WORK INSTRUCTIONS: A verbatim reproduction of the following listing is required; omit the pictures.

INPUT DATA:
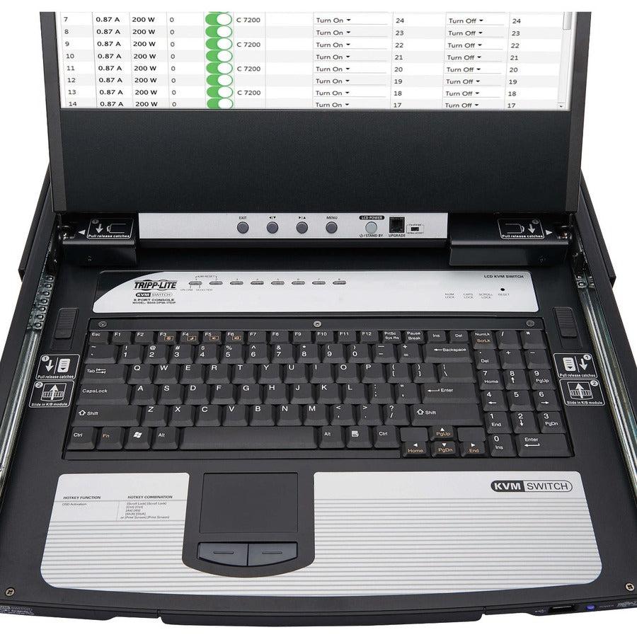 Tripp Lite B030-DP08-17DIP. Keyboard port type: USB, Mouse port type: USB, Video port type: DisplayPort. HD type: Full HD, Maximum resolution: 1920 x 1080 pixels, Auto scan delay (min): 1 s. Product colour: Black, Rack capacity: 1U, Housing material: Metal. Display: LCD, Display diagonal: 43.2 cm (17"). Power source: AC, AC input voltage: 100 - 240 V, AC input frequency: 50/60 Hz
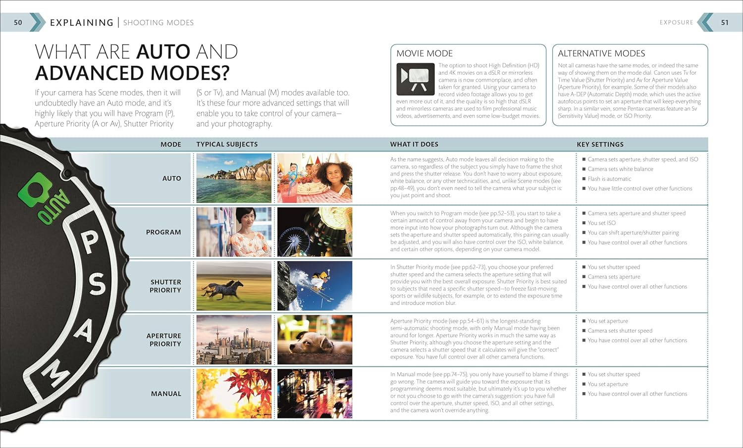 I’ve been a semi-pro photographer for many decades, going through film, medium and large format cameras, to the first digital cameras, through to today’s best Sony and Nikon DSLRs. So, I don’t consider myself a novice to the art and science of photography. But I do continue to look for good books on photography to recommend to friends (and, mostly, their kids) who want to do better than smartphone photographs.This book, and it’s follow-on volume, are two of the best books I’ve seen on the subject of digital photography. Focusing (sorry!) on the Beginner volume, there’s one of the best explanations of the differences between Auto, Program, Aperture, Shutter, and Manual modes in the first few chapters that I’ve seen in a book, and taking not too many words to convey the concepts accompanied by photos that show when and how. In fact, that’s a theme throughout the book: lots of photos illustrating the settings and controls, and the effect they have. For example, talking about exposure, there’s photos to show different exposure corrections, and a (no so beginner) discussion of stacking for effect. Throughout the tone is light and useful. I like the way each spread of two pages is on a subject, providing just enough information for a beginner to “get” the concept and implement it. The book moves to more interesting and technical subjects in the latter part, but it’s done well and should not scare anyone away (a problem with some other Beginner books I’ve reviewed).I’ve already recommended this book to several people and they have all said they learned a lot from reading through (and trying) what’s discussed. Instead of going with plain old Auto mode every time, they experiment with growing confidence, and become better photographers along the way. That’s what a Beginner book should do, and this one accomplishes it well. I’m impressed and wholeheartedly recommend this book both for beginner and Intermediate photographers.
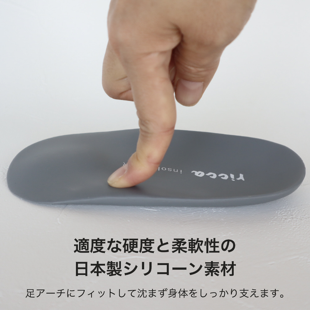 適度な硬度と柔軟性を持つ素材が、足裏アーチをサポートしつつ、歩行時の沈み込みにも適切に対応。

SOLUTION BELOW:
 Tripp Lite B030-DP08-17DIP. Keyboard port type: USB, Mouse port type: USB, Video port type: DisplayPort. HD type: Full HD, Maximum resolution: 1920 x 1080 pixels, Auto scan delay (min): 1 s. Product colour: Black, Rack capacity: 1U, Housing material: Metal. Display: LCD, Display diagonal: 43.2 cm (17"). Power source: AC, AC input voltage: 100 - 240 V, AC input frequency: 50/60 Hz
 I’ve been a semi-pro photographer for many decades, going through film, medium and large format cameras, to the first digital cameras, through to today’s best Sony and Nikon DSLRs. So, I don’t consider myself a novice to the art and science of photography. But I do continue to look for good books on photography to recommend to friends (and, mostly, their kids) who want to do better than smartphone photographs.This book, and it’s follow-on volume, are two of the best books I’ve seen on the subject of digital photography. Focusing (sorry!) on the Beginner volume, there’s one of the best explanations of the differences between Auto, Program, Aperture, Shutter, and Manual modes in the first few chapters that I’ve seen in a book, and taking not too many words to convey the concepts accompanied by photos that show when and how. In fact, that’s a theme throughout the book: lots of photos illustrating the settings and controls, and the effect they have. For example, talking about exposure, there’s photos to show different exposure corrections, and a (no so beginner) discussion of stacking for effect. Throughout the tone is light and useful. I like the way each spread of two pages is on a subject, providing just enough information for a beginner to “get” the concept and implement it. The book moves to more interesting and technical subjects in the latter part, but it’s done well and should not scare anyone away (a problem with some other Beginner books I’ve reviewed).I’ve already recommended this book to several people and they have all said they learned a lot from reading through (and trying) what’s discussed. Instead of going with plain old Auto mode every time, they experiment with growing confidence, and become better photographers along the way. That’s what a Beginner book should do, and this one accomplishes it well. I’m impressed and wholeheartedly recommend this book both for beginner and Intermediate photographers.
 適度な硬度と柔軟性を持つ素材が、足裏アーチをサポートしつつ、歩行時の沈み込みにも適切に対応。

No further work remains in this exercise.